После этого она, удовлетворённо сопя и скалясь, охотно расчесала свои шёлковые послушные волосы и, полюбовавшись в ванной на зубную щётку Веды, отправилась на дикий пляж, предварительно приняв облик сервала, так как всё равно придётся перелезать через ограду парка – калитку отворяли только в пять – а летом она предпочитала носить юбку.

– Одиннадцать. – Спокойно сказала Сари, посмотрев из-под лапы в синем, как небо, рукаве вверх.

Небо синим не было. Как вкусный чад над большой сковородой стоял сухой зной. Дальнее поле встретило их устрашающим боевым стрёкотом и треском. То была песнь дневных насекомых, по-видимому, не придававших значения тому, что они часть пищевой цепи, в которой ведущая роль принадлежала перепёлкам.

Перепёлки молчали. Возможно, они охотились. Зловещим огоньком сигареты искрился Орс, что-то уж очень скоро поднимавшийся по блёклому небу, только у краёв нагорий переходящему в синий цвет, уступавший в насыщенности платью неутомимо шедшей впереди Сари.

Всеволод, повинуясь её жесту, сгрузил с плеч две плетёные сумки.

– Одиннадцать, одиннадцать. – Раздался в десятке шагов позади на узкой тропинке изменившийся голос. – Что за роковой час. – Продолжал насмешливо жаловаться голос.– Уже не утро, но день так молод и агрессивен.

Сердито воркуя и даже протестующе мяукнув, Григорий остановился и, глядя сузившимися зелёными глазами на обернувшегося дракона, прибавил:

– У меня такое чувство, будто…

Он заворчал, спуская с плеча ещё одну сумку.

– Да? – Утирая локтем взмокший лоб, вежливо отозвался Всеволод.

Леопард так неосторожно поставил наземь свой груз, что из плетёнки вывалился боком низкий и крутобокий термос с едой для перепёлок.

– Но, но!.. – Прикрикнула Сари, прямая и лёгкая после полуторачасового перехода.

Пастырь спешно присел, установил внушительный, даже на вид тяжёлый сосуд поровнее, на мелкие белые, как зубы, камешки.

Его, занятого по горло – так он успел прошептать Всеволоду, сделав известный жест сильной лапой – Сари прихватила с собой уже на околице села, где он, впрочем, не с особо деловитым видом шёл, держа направление на восточные улицы.

Голос Сари не отличался властностью, но было в её чуть бесцеремонном приглашении что-то такое, от чего будущее духовное лицо совершенно стушевалось и, тихо бурча в спину Всеволоду, что ему и туда, и сюда, а хвост-то один (и даже показал этот хвост из-под сутаны) поплелось вслед с сумкой, которую всучила ему эта удивительная особа.

– …будто на меня охотятся. – Дообъяснил пастырь, фукая за воротничок.

– Перепёлки, что ли? – Съязвила Сари, зашедшая уже в жнивьё по колена и цепко оглядывающая поле.

Орс потрескивал, точно кто-то в небе затянулся им.
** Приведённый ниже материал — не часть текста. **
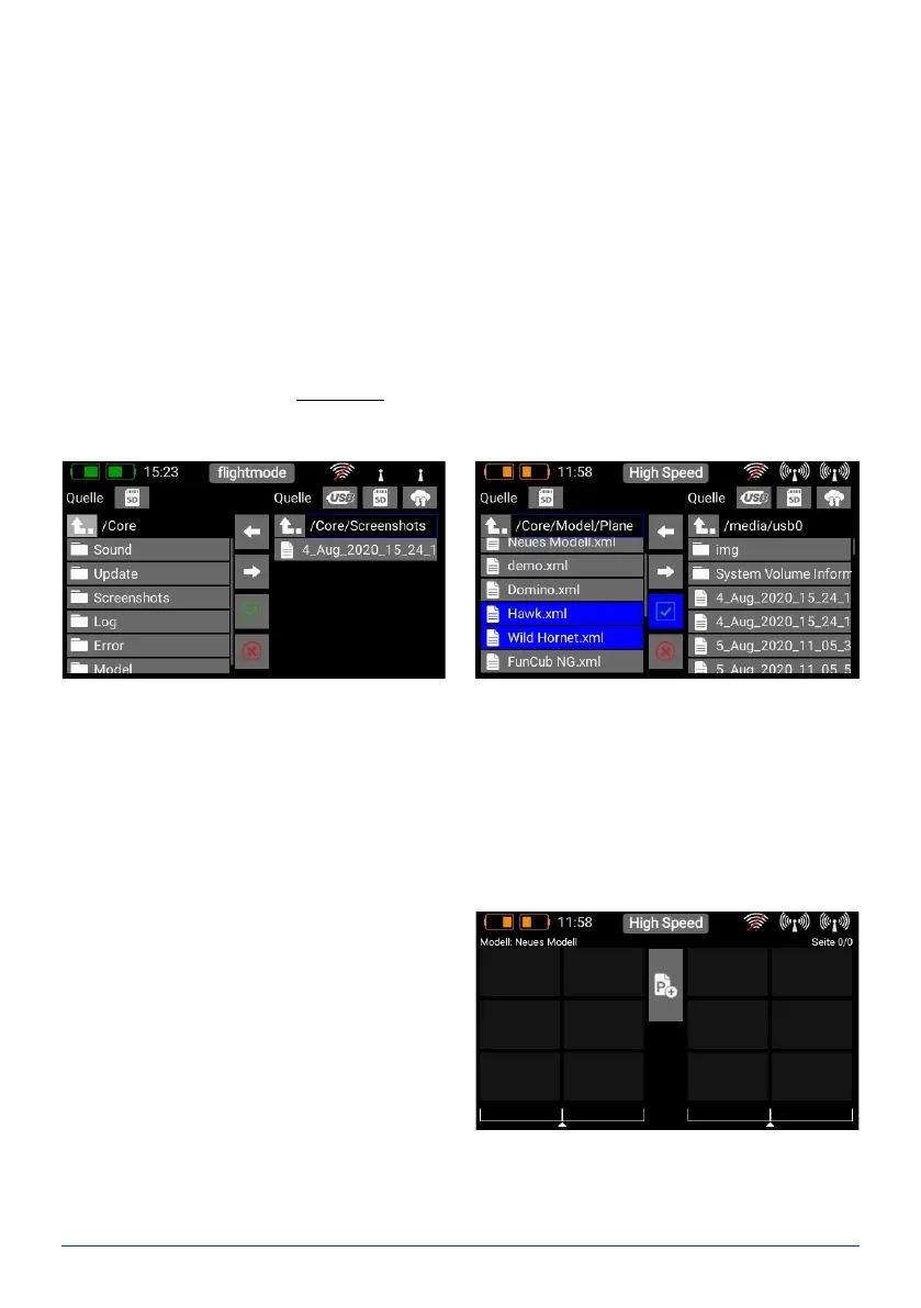 The File Manager enables you to exchange les on the SD card in the CORE transmitter with les stored on a USB

Казалось, вот-вот поплывёт над жёлтою травой с нечастыми бледно-зелёными островками тонкий дым.

– Цоки-цок. – Сказала она, не обращая внимания на страдания пастыря. – Цоки-цоки. Цок.

Жнивьё молчало. Всеволод чувствовал за спиной полуторачасовое расстояние, отделяющее его от сапожной мастерской. По небу рывками продвигалось сухое рваное облачко. Как это и водится у облаков, залетевших на Юго-Запад, взялось оно, невесть откуда, и так же неведомо могло исчезнуть.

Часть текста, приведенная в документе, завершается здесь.